I am wondering if someone can suggest any good shows for searching wholesale buyers of Tees, Polos and Hoodies. I would like to attend some of the shows this year for networking and may be even have a stall, if it is not outrageously expensive. Any input will be appreciated.

Thanks

MLodhi


----------



## Jasonda (Aug 16, 2006)

Are you looking to _buy_ tees and hoodies, or sell your line to buyers that work for retail stores?


----------



## scpromos (May 27, 2006)

Where are you located?


----------



## mlodhi (Feb 3, 2007)

Jasonda said:


> Are you looking to _buy_ tees and hoodies, or sell your line to buyers that work for retail stores?

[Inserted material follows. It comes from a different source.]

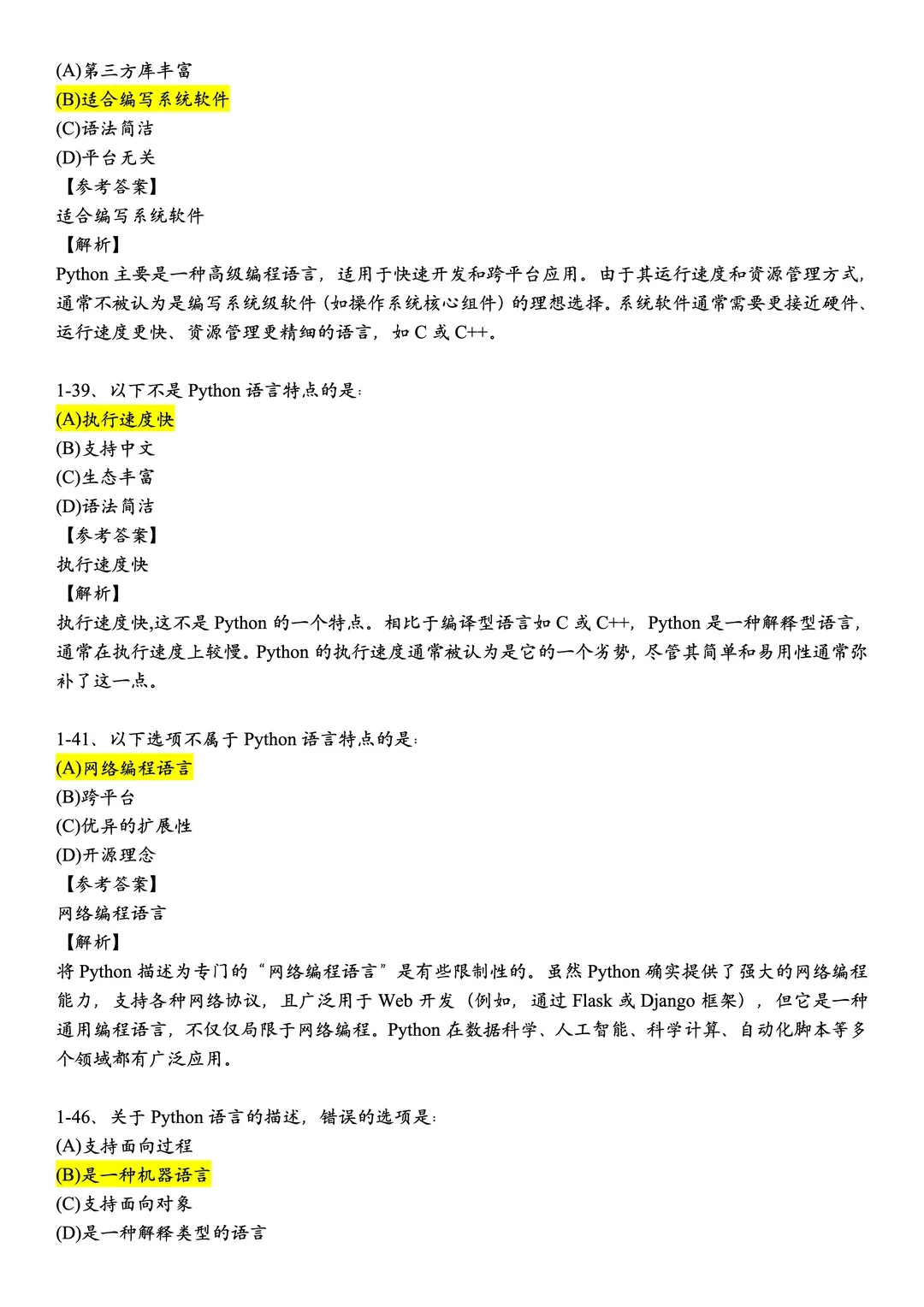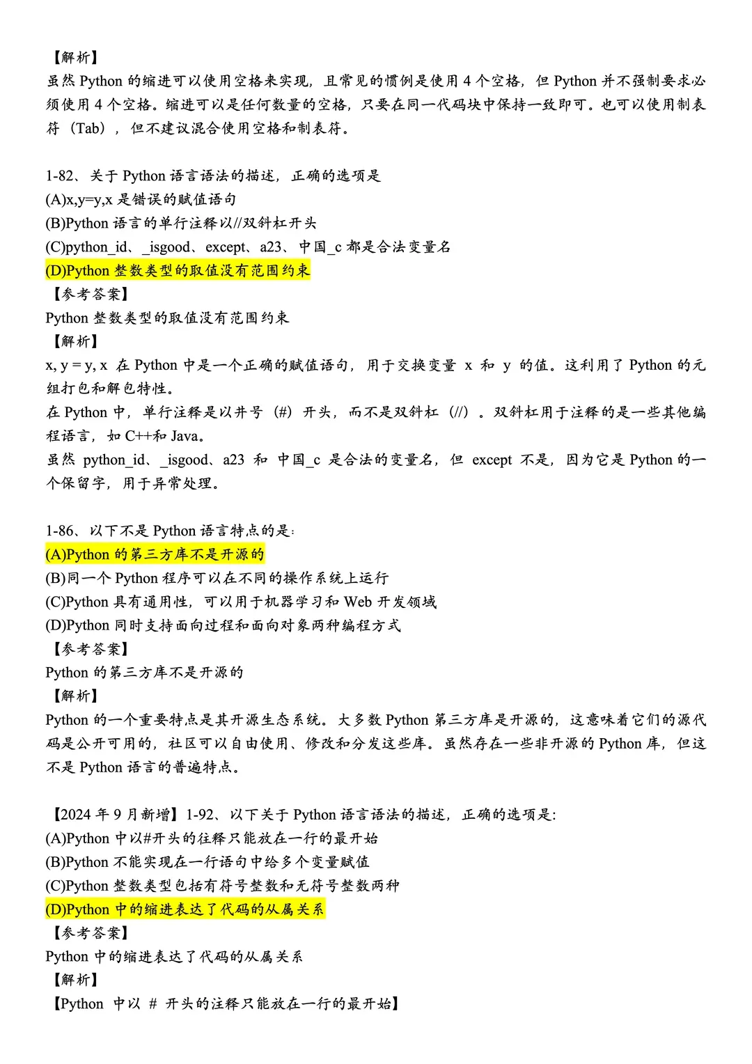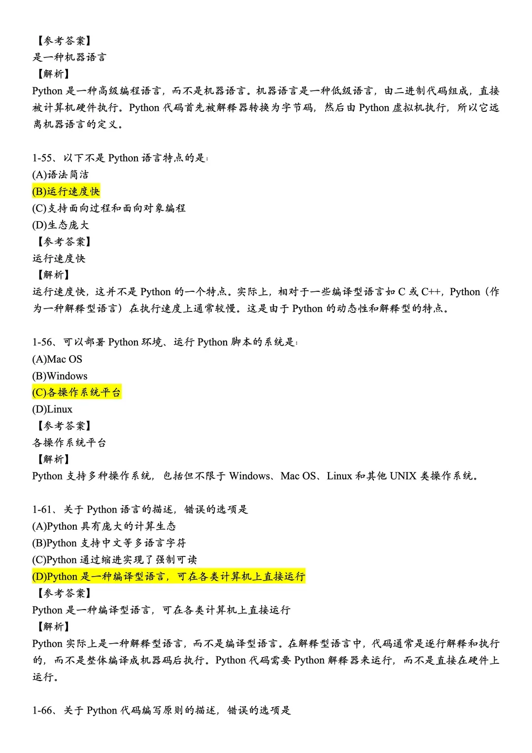 【解析】Python 是一种解释型语言,其代码通常是逐行执行的,而非一次性编译成目标代码然后执行。Python 解释器逐行读取 Python 代码,将其转换成字节码,然后执行这些字节码。这与编译型语言不同,后者会先将整个程序编译成机器代码,然后执行这个编译后的程序。

We are looking to sell our line (LIMRA) of quality tees, polos, etc. We have offices in MN and CA. Any information regarding good shows this year will be great.

Thanks!
Muhammad


----------



## Jasonda (Aug 16, 2006)

Muhammad,

Try this thread:

http://www.t-shirtforums.com/offline-retail-tradeshows/t14140.html


----------



## scpromos (May 27, 2006)

The Imprinted Sportswear Shows (ISS) are great, there's one here in Long Beach.


----------



## Rodney (Nov 3, 2004)

Hi Muhammad, read through this other thread which lists some shows for people in your industry: http://www.t-shirtforums.com/t-shirt-marketing/t13052.html


----------